* _Exercise_
With the pictures left out, restate exactly the part below that opens with the line containing "Pork loin steak, raw" and closes with the line containing "默认的版本,如果以非管理员权".

┄┄┄┄┄┄

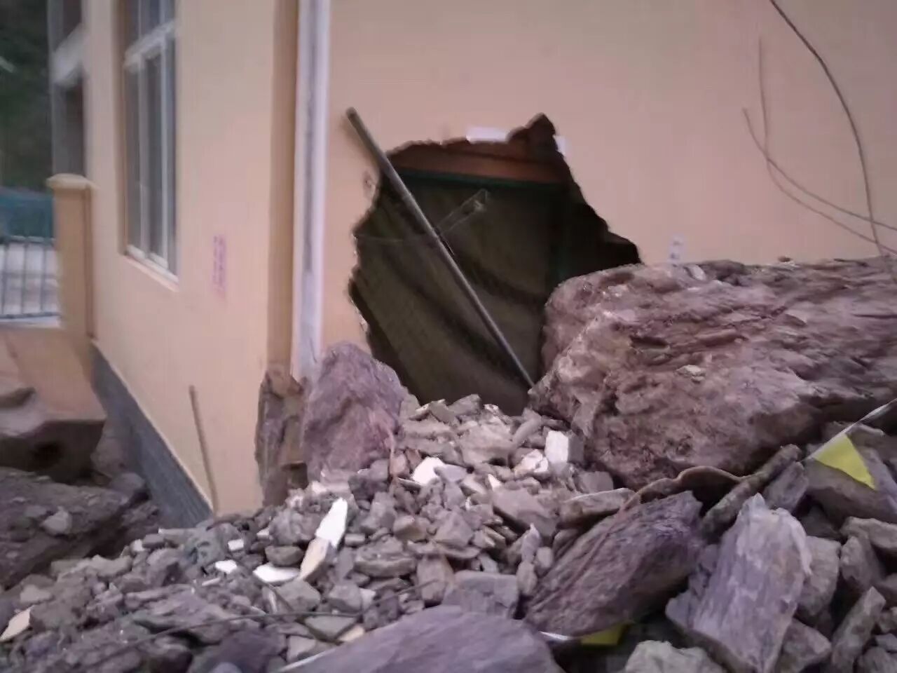 6月份踩点时滑坡落下的石块砸穿了大湾电站的一栋建筑,目前已经修复 ©️水杉、顾伯健
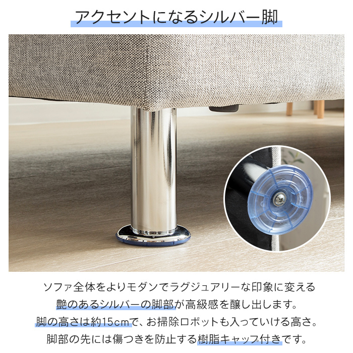 脚部はツヤのあるシルバーが高級感を演出。脚裏にはフローリングへの傷を防止する樹脂キャップが付いています。
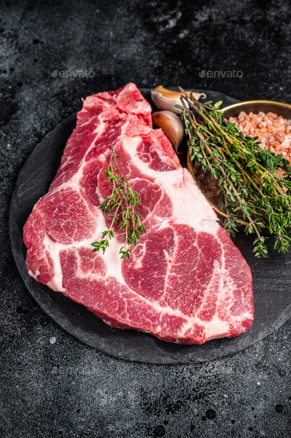 Pork loin steak, raw neck meat with thyme and salt. Black background
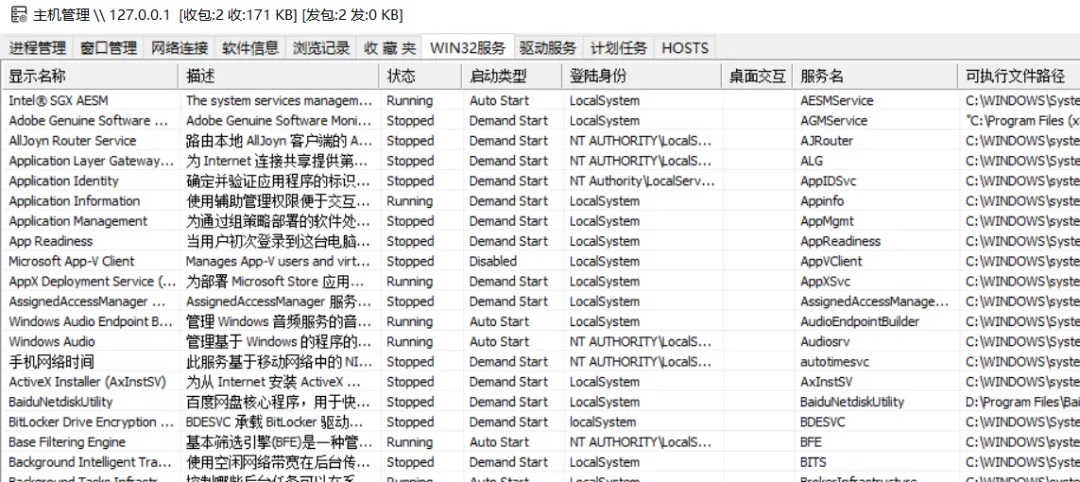 默认的版本,如果以非管理员权限运行被控,打开系统管理的界面时Win32服务和驱动服务列表是无法显示的,如下图所示:
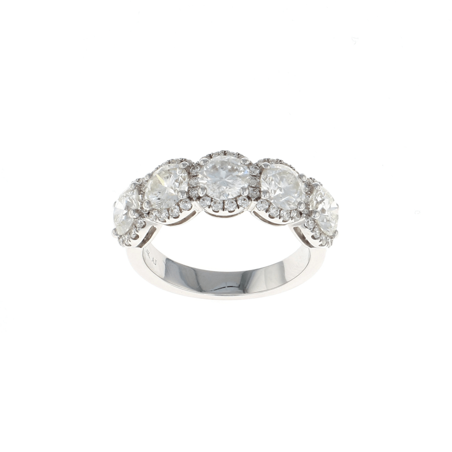 Celebrate your love with this beautiful 14K White Gold Five Stone Round Diamond Halo Pave Band Ring. For an anniversary, birthday or just because, she will love it!
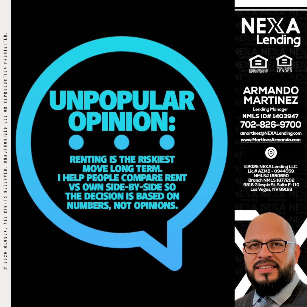 Hi, my name is Armando Martinez. I’m a Loan Officer with NEXA Lending LLC., offering personalized mortgage solutions, fast customized quotes, great rates and service with integrity.
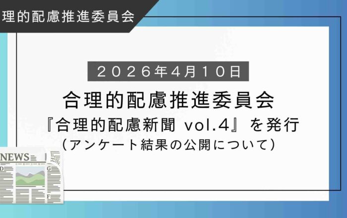 【合理的配慮推進委員会】合理的配慮新聞vol.4(アンケート結果)の公開について合理的配慮推進委員会より、先日実施いたしました「合理的配慮に関するアンケート」の集計結果公開のご案内です。この度、合理的配慮推進委員会では、社内における合理的配慮の浸透度の把握を目的としてアンケートを実施いたしました。皆様のご協力により、総数671件という多くの貴重な回答をいただくことができまし
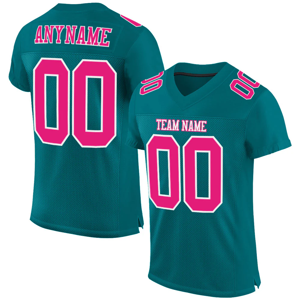 Custom Teal Hot Pink-White Mesh Authentic Football Jersey
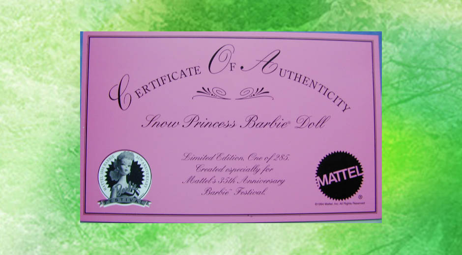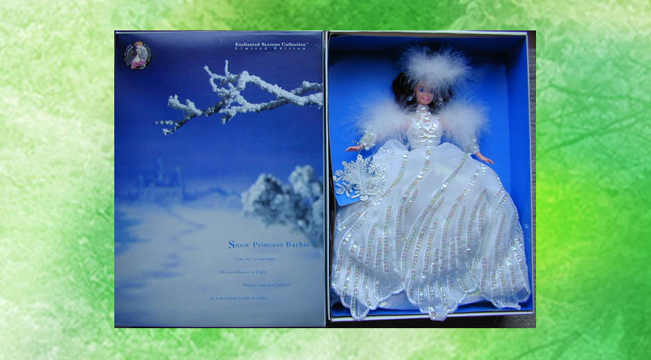 バービー誕生35周年を記念して発売された「Festival 1994」シリーズの「Snow Princess Brunette」で、285体限定で販売されました。ブロンドの「Snow Princess」のブルネットバージョンです。

┄┄┄┄┄┄

* _Problem solution_
 Pork loin steak, raw neck meat with thyme and salt. Black background
 默认的版本,如果以非管理员权限运行被控,打开系统管理的界面时Win32服务和驱动服务列表是无法显示的,如下图所示:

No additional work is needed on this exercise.